Constant fluctuations in the world economy have forced organizations to look beyond conventional hiring practices and seek non contractual, short term project based options such as freelancing.
As an up and coming freelancer you need to be aware of two things– there is a plethora of work available at platforms like Upwork, Freelancer, etc– there is an equally large ocean of competition to swim through.
This shouldn’t, however, dishearten you.
There are some proactive techniques and strategies you can use in order to gain an edge and bag your first job as a freelancer.
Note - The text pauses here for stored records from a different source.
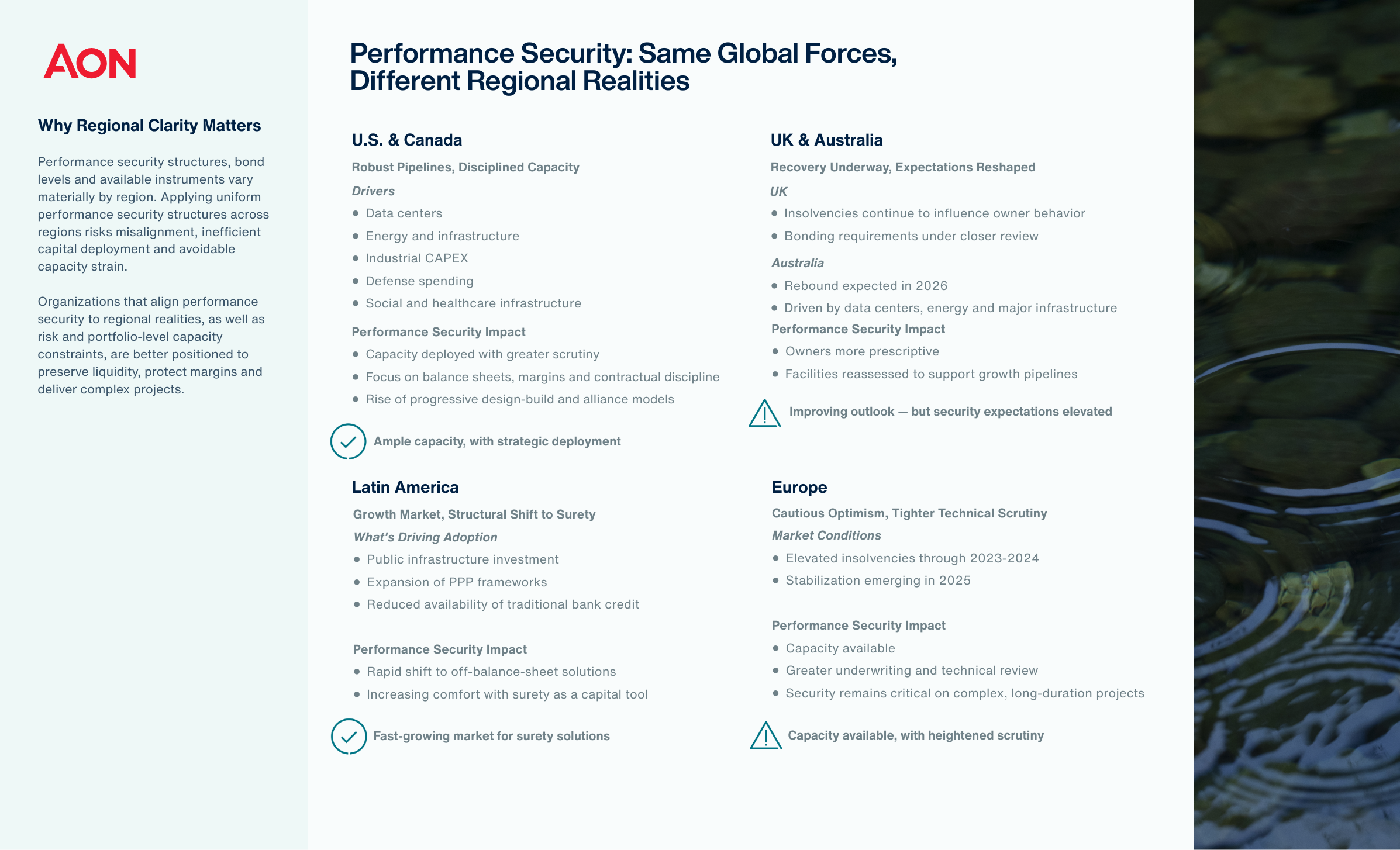 Organizations that align performance security to risk, regional realities and portfolio‑level capacity constraints are better positioned to preserve liquidity, protect margins and deliver complex projects as scale continues to increase.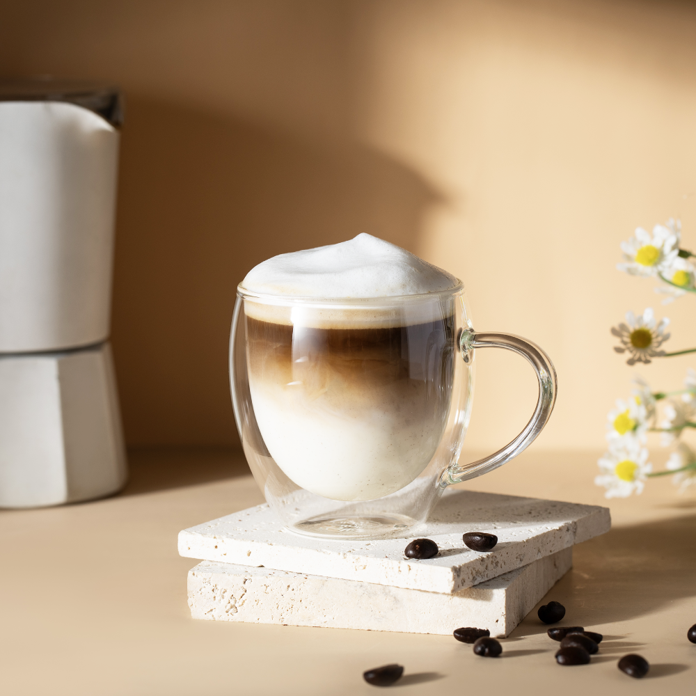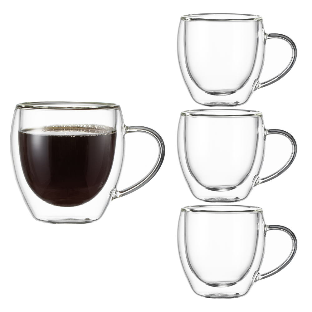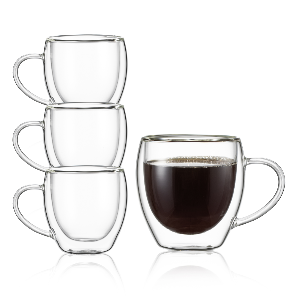 Double walled,hand blown glass insulation keeps your coffee hot and your hand cool.No sweat! Also works great for your favorite icy cold drink.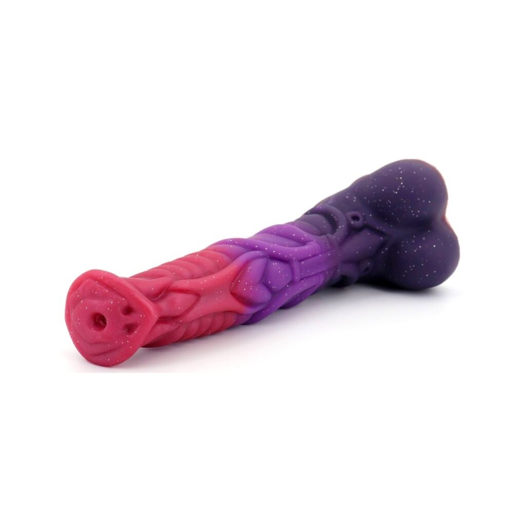 The Galactic horse dildo from Bad Demon is an exciting sex toy that immediately catches the eye with its unique shape and eye-catching colors in pink and purple with glitter accents. The shape of the dildo, which is reminiscent of a horse's sex, gives it a special aesthetic. With an insertable length of 19 cm and a maximum width of 5 cm at the glans and base, the dildo provides intense stimulation. The textured surface and artificial veins provide additional stimulation during use. The practical suction cup base makes it possible to attach the dildo to smooth surfaces. Made from skin-friendly silicone, the Galactic horse dildo is comfortable to use and easy to clean. Immerse yourself in a galactic world full of lust and pleasure with this exciting toy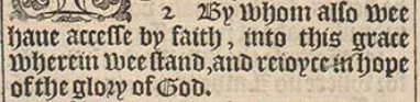 2 By whom also wee haue accesse by faith, into this grace wherein wee stand, and reioyce in hope of the glory of God.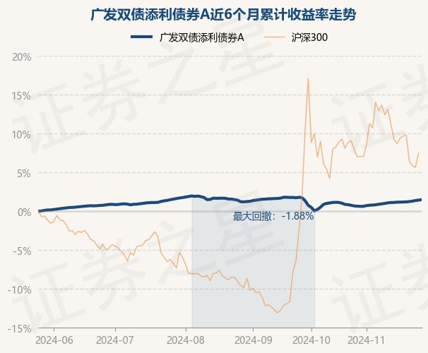 证券之星消息,11月27日,广发双债添利债券A最新单位净值为1.2213元,累计净值为1.6442元,较前一交易日上涨0.06%。历史数据显示该基金近1个月上涨0.72%,近3个月上涨0.26%,近6个月上涨1.49%,近1年上涨5.45%。该基金近6个月的累计收益率走势如下图: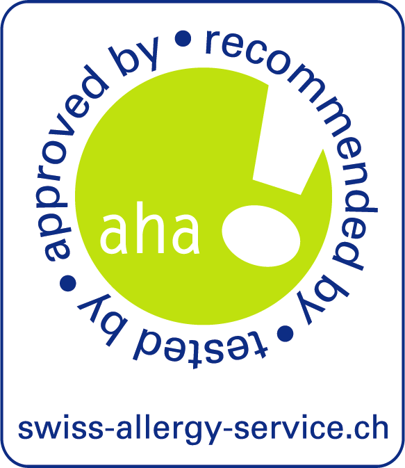 aha! er et allergimærke fra schweiziske Service Allergie Suisse SA, som giver de schweiziske forbrugere mulighed for nemt og trygt at vælge allergivenlige hverdagsprodukter. Læs mere om aha!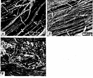Рис. 4. Микрофотографии волокон ПЭ-3, полученных в смеси с ПС-1, при Т=1,0-•103 Па (а), а также в смеси с ПС-3 при т=6,8-104 Па (б); в - продольный срез, с экструдата смеси ПЭ-3 - ПС-1 при т=1,0105 Па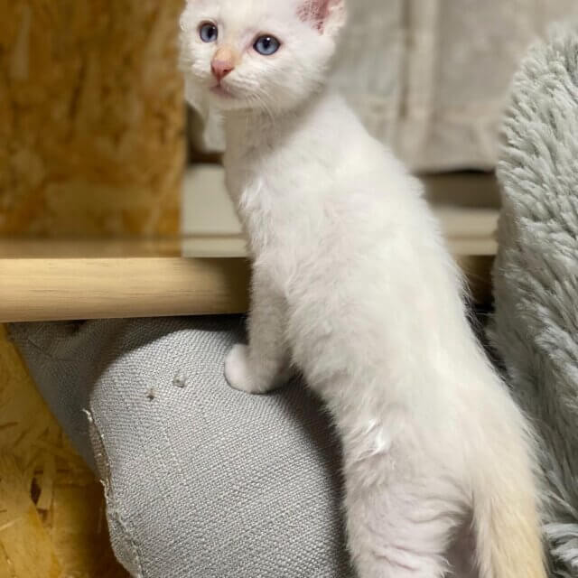 白い毛にお耳と尻尾だけクリーム茶のバンタイプ ブルーアイ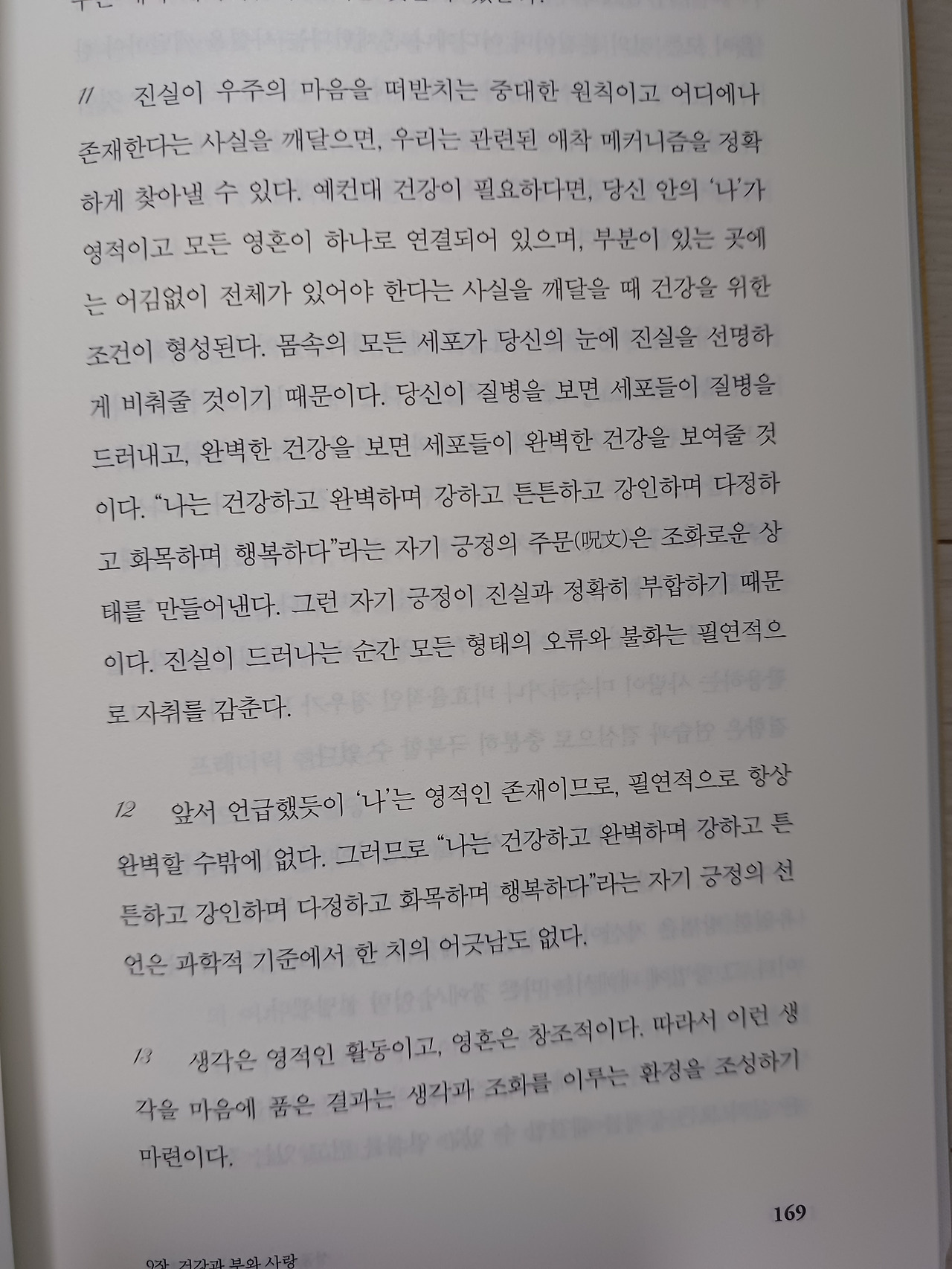 "나는 건강하고 완벽하며 강하고 튼튼하고 강인하며 다정하고 화목하며 행복하다"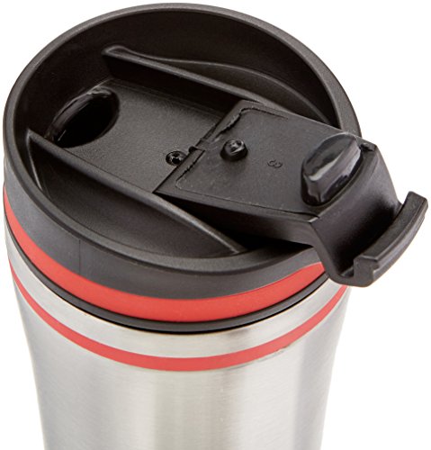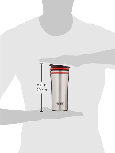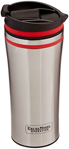 ExcelSteel Double Wall Stainless Steel Coffee Tumbler with Silicone Ring, Red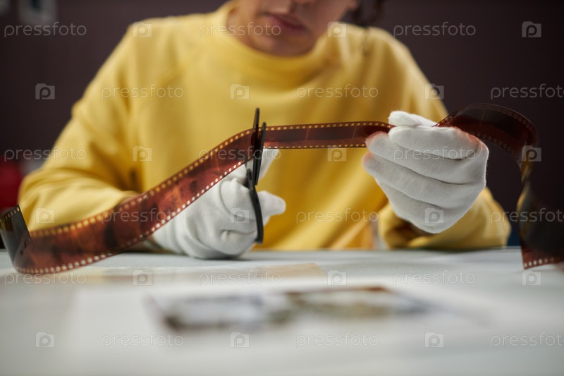 Фотограф режет фотопленку ножницами в студии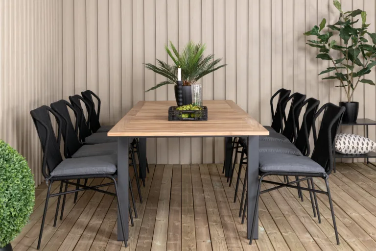 Panama söögikomplekt ühendab põhjamaise disaini ja vastupidavad materjalid, pakkudes ideaalset lahendust avarale terrassile või aeda. Komplekti kuulub suur pikendatav tiigipuust söögilaud ning kaheksa musta köiega tooli, mis loovad harmoonilise terviku nii igapäevasteks õhtusöökideks kui ka suvisteks aiapidudeks.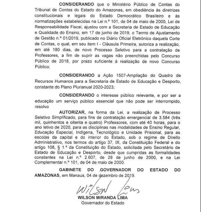 A autorização foi publicada no Diário Oficial do Estado da última sexta-feira (6), assinado por Wilson Lima. O documento explica que o processo seletivo deve ser realizado no prazo de 180 dias, conforme orientação do Ministério Público de Contas do Amazonas (MPC-AM). O certame visa suprir supostas vagas não preenchidas no concurso público de 2018.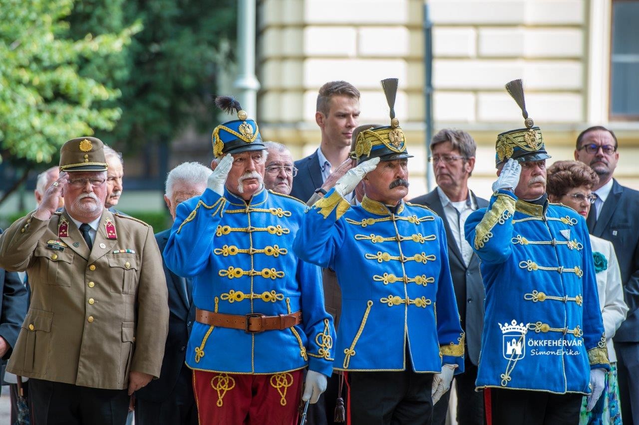 Dr. Molnár Krisztián, a Fejér Megyei közgyűlés elnöke, Róth Péter alpolgármester, Schneider Istvánné járási hivatalvezető helyettes, Sándor Zsolt dandártábornok, az MHP Törzsfőnök Műveleti Helyettese, valamint Sipos Antal ezredes együtt hajtottak fejet, majd a közhivatalok, a fegyveres és rendvédelmi szervek, a honvédelmi hagyományokat ápoló szervezetek képviselői és a civil emlékezők is elhelyezték koszorúikat, virágaikat az emlékműnél.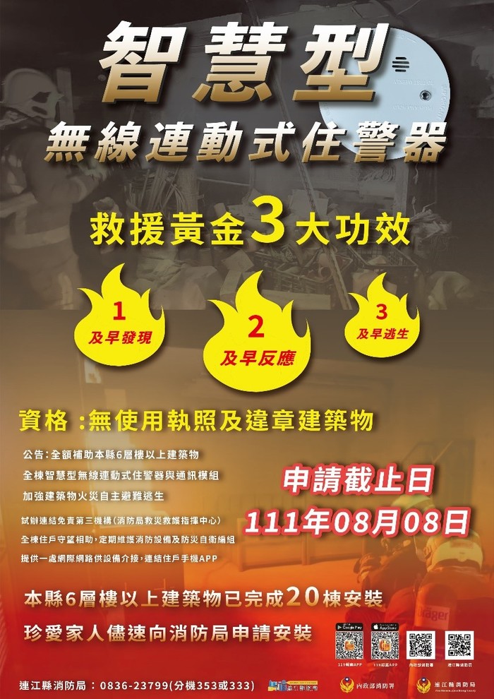 連江縣消防局連動式住警器申請提醒 --閱讀人次 : 1082 本縣6層樓以上建築物智慧型無線連動式住宅用火災警報器申請截止日111年8月8日,請各位鄉親把握機會: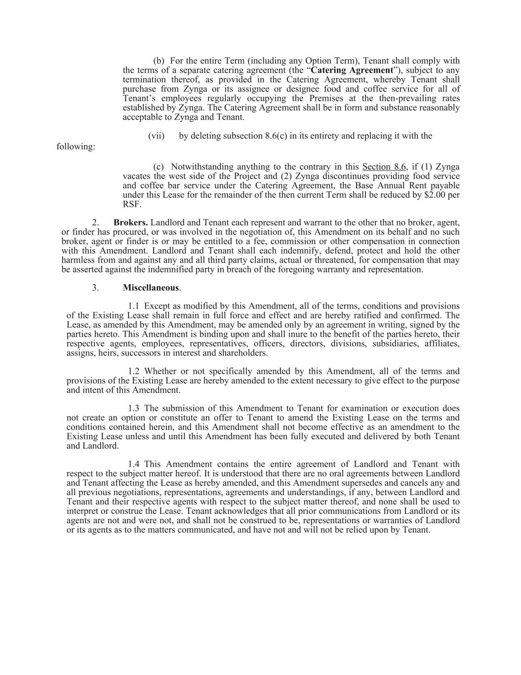 (b) For the entire Term (including any Option Term), Tenant shall comply with the terms of a separate catering agreement (the “Catering Agreement”), subject to any termination thereof, as provided in the Catering Agreement, whereby Tenant shall purchase from Zynga or its assignee or designee food and coffee service for all of Tenant’s employees regularly occupying the Premises at the then-prevailing rates established by Zynga. The Catering Agreement shall be in form and substance reasonably acceptable to Zynga and Tenant. (vii) by deleting subsection 8.6(c) in its entirety and replacing it with the following: (c) Notwithstanding anything to the contrary in this Section 8.6, if (1) Zynga vacates the west side of the Project and (2) Zynga discontinues providing food service and coffee bar service under the Catering Agreement, the Base Annual Rent payable under this Lease for the remainder of the then current Term shall be reduced by $2.00 per RSF. 2. Brokers. Landlord and Tenant each represent and warrant to the other that no broker, agent, or finder has procured, or was involved in the negotiation of, this Amendment on its behalf and no such broker, agent or finder is or may be entitled to a fee, commission or other compensation in connection with this Amendment. Landlord and Tenant shall each indemnify, defend, protect and hold the other harmless from and against any and all third party claims, actual or threatened, for compensation that may be asserted against the indemnified party in breach of the foregoing warranty and representation. 3. Miscellaneous. 1.1 Except as modified by this Amendment, all of the terms, conditions and provisions of the Existing Lease shall remain in full force and effect and are hereby ratified and confirmed. The Lease, as amended by this Amendment, may be amended only by an agreement in writing, signed by the parties hereto. This Amendment is binding upon and shall inure to the benefit of the parties hereto, their respective agents, employees, representatives, officers, directors, divisions, subsidiaries, affiliates, assigns, heirs, successors in interest and shareholders. 1.2 Whether or not specifically amended by this Amendment, all of the terms and provisions of the Existing Lease are hereby amended to the extent necessary to give effect to the purpose and intent of this Amendment. 1.3 The submission of this Amendment to Tenant for examination or execution does not create an option or constitute an offer to Tenant to amend the Existing Lease on the terms and conditions contained herein, and this Amendment shall not become effective as an amendment to the Existing Lease unless and until this Amendment has been fully executed and delivered by both Tenant and Landlord. 1.4 This Amendment contains the entire agreement of Landlord and Tenant with respect to the subject matter hereof. It is understood that there are no oral agreements between Landlord and Tenant affecting the Lease as hereby amended, and this Amendment supersedes and cancels any and all previous negotiations, representations, agreements and understandings, if any, between Landlord and Tenant and their respective agents with respect to the subject matter thereof, and none shall be used to interpret or construe the Lease. Tenant acknowledges that all prior communications from Landlord or its agents are not and were not, and shall not be construed to be, representations or warranties of Landlord or its agents as to the matters communicated, and have not and will not be relied upon by Tenant.

VIDEO PROFILE: A resume and cover letter are essential, but they wouldn’t be enough to make you stand out.Create a short, introductory video describing the skills you offer. Keep it informal and friendly to establish an instant connect with a potential employer. If you aren’t comfortable doing a video introduction, go for audio.
SAMPLE WORK: As a new freelancer, it is obvious you wouldn’t have positive feedback or a well built reputation on the platform to bank on. It is of utmost importance to build a portfolio of your best work and keep at hand a folder containing these samples. This would add a much needed extra layer of credibility to your profile.
THE PROPOSAL: Create your proposal wisely, this is the first point of contact between you and your employer. Do your research and make it as personalized as possible. Find out as much about your potential employer and the project requirements as possible. Refer to them by their name (look up their profile details). Avoid using templates or run of the mill approaches. Remember there will be several others, perhaps with far more freelancing experience, taking similar approaches. Be concise and straight forward. You’ve to find your own voice here and pick a way to positively catch the potential employer’s attention. Don’t forget to attach your video introduction and portfolio to this proposal
COMMUNICATE: I cannot emphasize this enough! Communicate, communicate communicate! Communication is always key. Let your employer know where to reach you and make it a point to convey to them that you’re willing to clarify all doubts and make necessary modifications and explanations whenever required. Be sure to state your Skype, Gtalk or messenger handles for swift and interruption free talk. This will not only give them a sense of security about the work being done, but also prevent pointless workflow delays.
GOOD FIT: Even before you attempt to send your proposal, make it absolutely certain you’re a good fit for the project. Your skills must match those exactly required to not just do the job, but do it well. I’ve often noticed freelancers send baseless proposals, mashed with exaggerated versions of their qualifications, which have little or no connection with the job at hand. Never waste your time and that of the employer’s by resorting to such a gimmick. In case you’ve questions about what exactly is required of the freelancer, do not hesitate to ask them directly.
RIGHT RATE: No matter how talented you are or how sharp your skills are, during the initial phase working as a freelancer,don’t be tempted to charge too high a fee. This should be a period primarily dedicated to deepening your roots and gaining a solid reputation. Be open to offering discounted rates and if you’re willing to work in exchange for feedback (and if this is permitted) make it clear in your bid.
Successfully establishing yourself as a freelancer may not be an overly smooth sailing voyage, but it isn’t rocket science either. Perseverance, a bit of tact and a positive attitude can most certainly give you the breakthrough you deserve!